__THE PROBLEM__
With the pictures left out, copy the records below exactly from the first line down to the line holding "Young man is watching concert", and include that line.

Dataset excerpts:
⟨
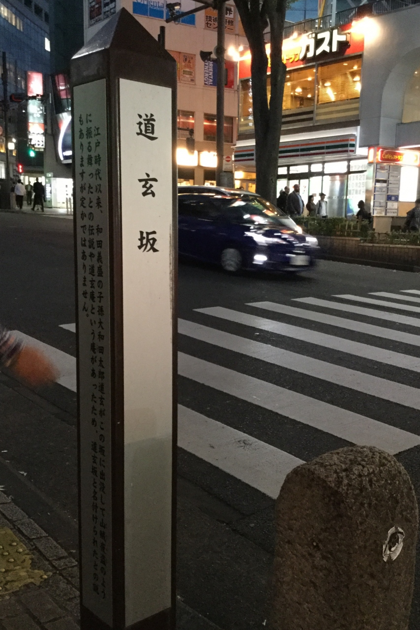 渋谷にある、駅から西の方へ上る坂のひとつ。結構長く勾配がありますが、多くの人が行き来して、いつも混んでいます。「道玄」とは「大和田太郎道玄」という人の名前だったようで、坂の上には由来がわかる碑がありました。でも、そこで足をとめる人は少ないように思います。
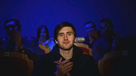 Young man is watching concert and applauding. Media. Young man is watching theater concert. Performance of play with applauding audience
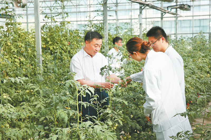 张庆金(左一)在智能温室大棚调研腐植酸高效肥研发进展情况
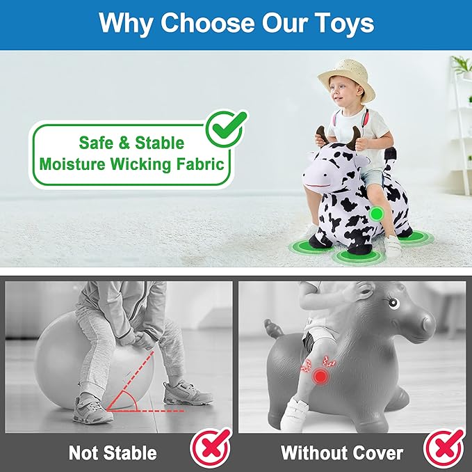 - High Grade: Inflatable hopper with removeable plush cover is safe and fun for your children.
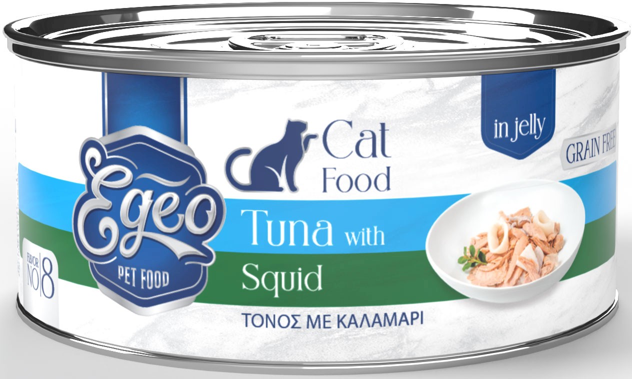 EGEO Cat Food Adult Tuńczyk z Kalmarami w Galaretce dla kota Puszka 85g
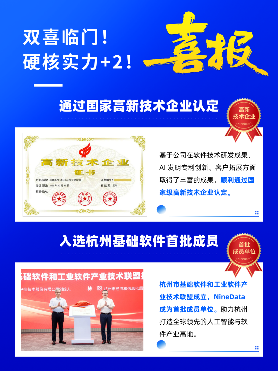 杭州市基础软件和工业软件产业技术联盟成立,玖章算术 NineData 作为国产基础软件领域标杆企业,获授首批联盟成员单位。
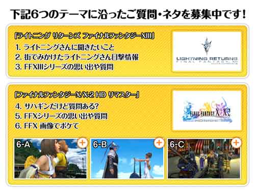 ライトニング リターンズ FFXIII/FF X/X-2 HD リマスター以下のタイトルに沿った質問を#北瀬さんでつぶやいて欲しいとの事。
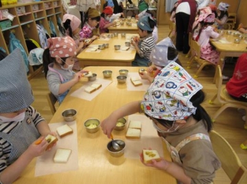 エプロンをつけて着席。給食の先生から作り方カレールーを食パンに塗り、上からちーずを振りかける作業を教えて頂きました。
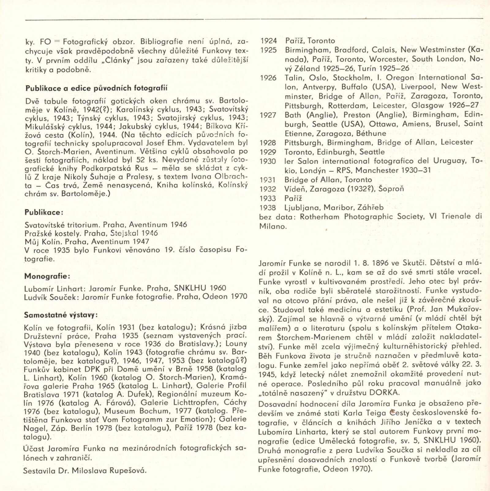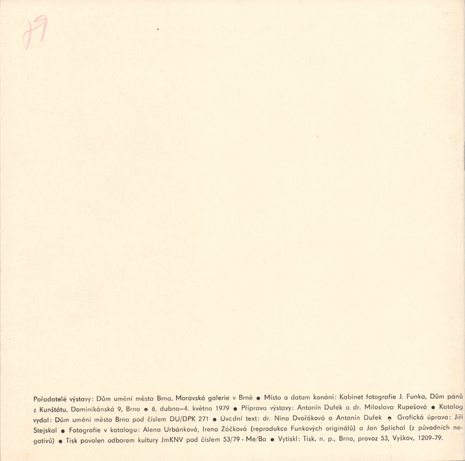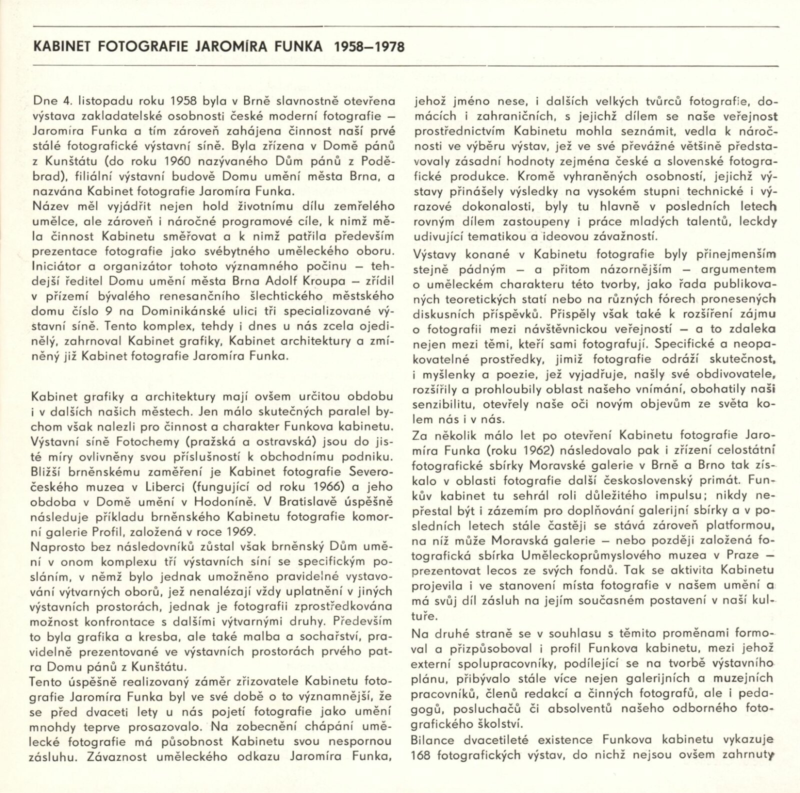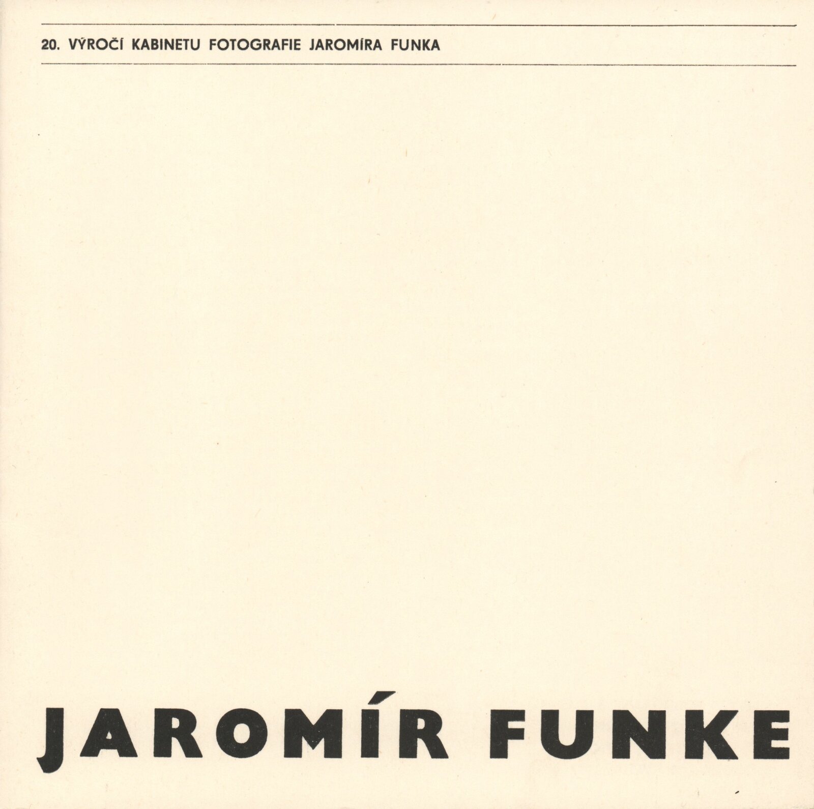 Jaromír Funke. 20. výročí Kabinetu fotografie Jaromíra Funka: Kabinet fotografie J. Funka, 170. výstava, Dům pánů z Kunštátu 6. 4. – 4. 5. 1979 / Texty Nina Dvořáková, Antonín Dufek, Jaromír Funke. - Brno: DUmB, - 36 s., obr.+ Seznam vystavených prací 2 s. Obsahuje dějiny kabinetu a seznam jeho výstav 1958 – Soupis publikační činnosti J. Funka. DPK 699; MZK; MG
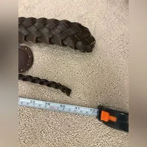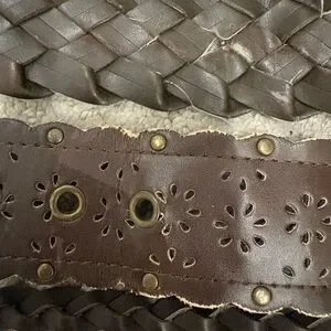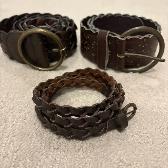 Set of 3 brown synthetic leather belts. Some signs of wear as pictured.
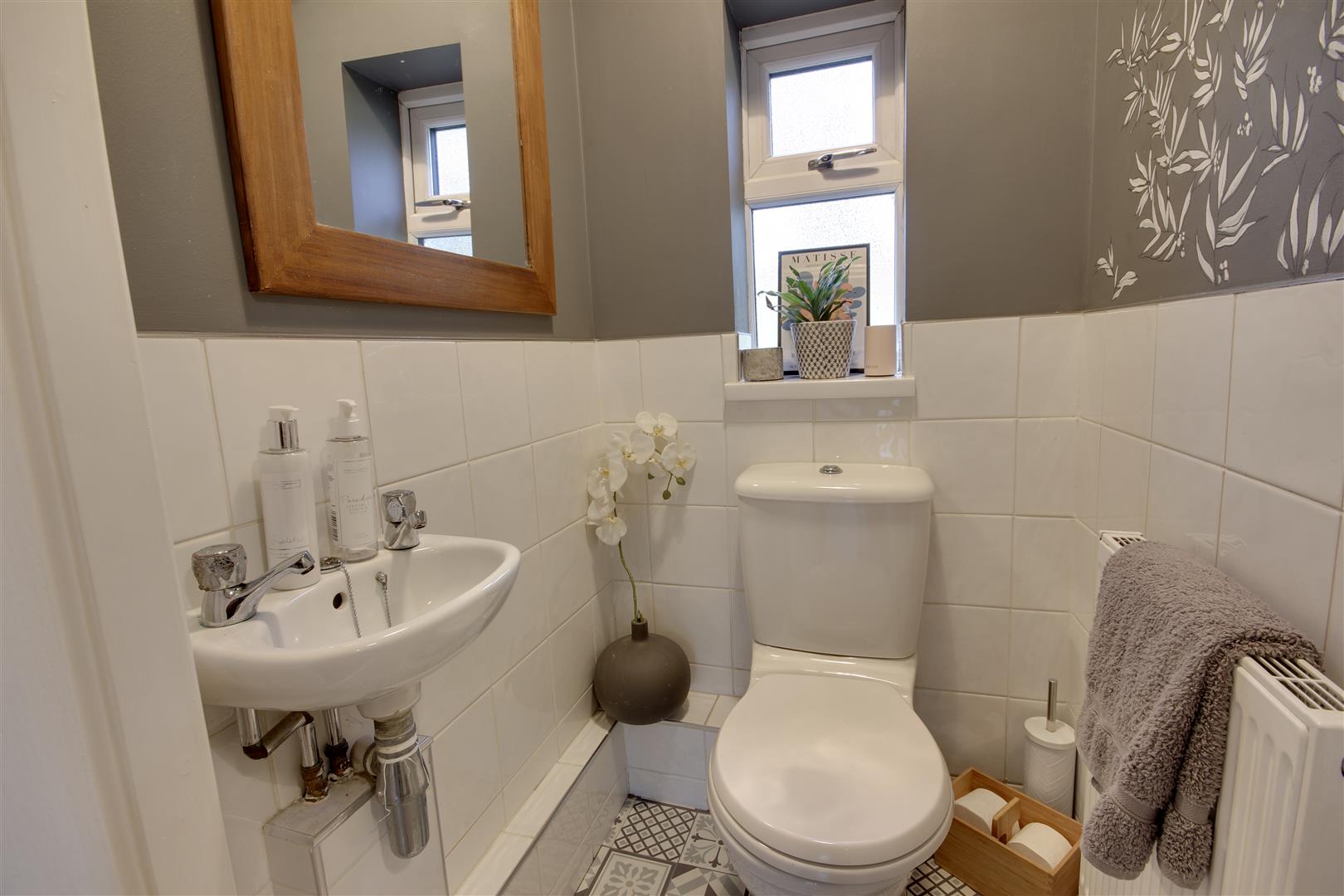 Guest Cloakroom - With window to side and low-flush W.C. and wash-hand basin. Detailed, hand painted wall art and patterned tiling provide an aspect of comforting luxury.
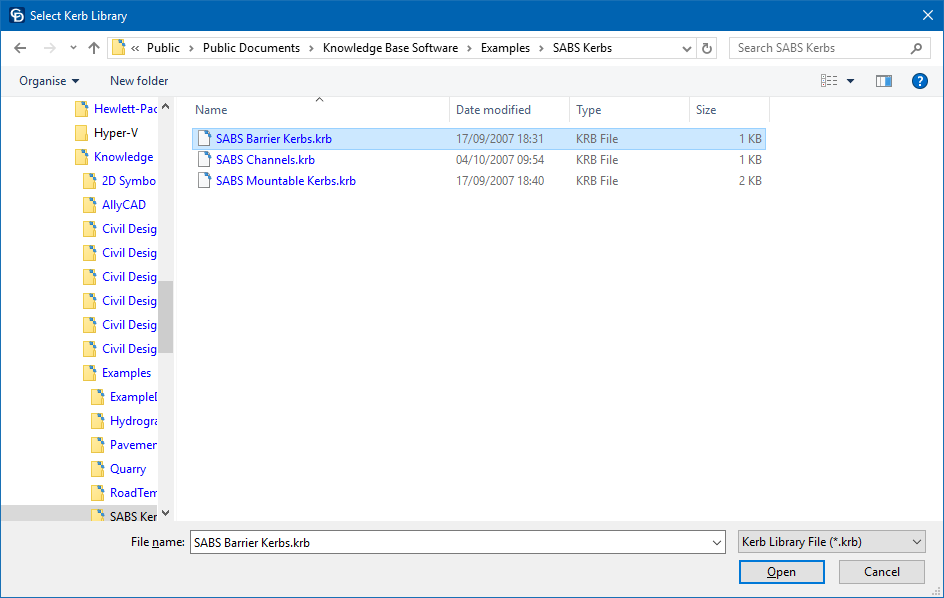 the Barrier Kerbs. Select the item and click Open.
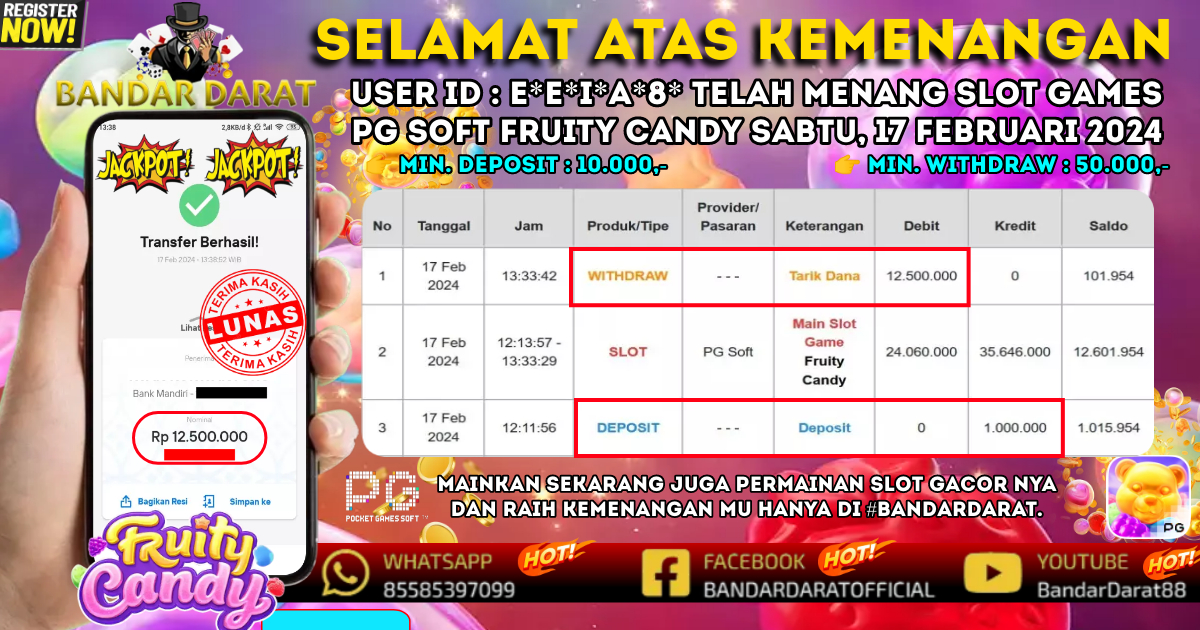 SELAMAT ATAS KEMENANGAN USER ID : E*E*I*A*8* TELAH MENANG SLOT GAMES PG SOFT FRUITY CANDY SABTU, 17 FEBRUARI 2024
⟩
__THE COMPLETED TASK__
 渋谷にある、駅から西の方へ上る坂のひとつ。結構長く勾配がありますが、多くの人が行き来して、いつも混んでいます。「道玄」とは「大和田太郎道玄」という人の名前だったようで、坂の上には由来がわかる碑がありました。でも、そこで足をとめる人は少ないように思います。
 Young man is watching concert and applauding. Media. Young man is watching theater concert. Performance of play with applauding audience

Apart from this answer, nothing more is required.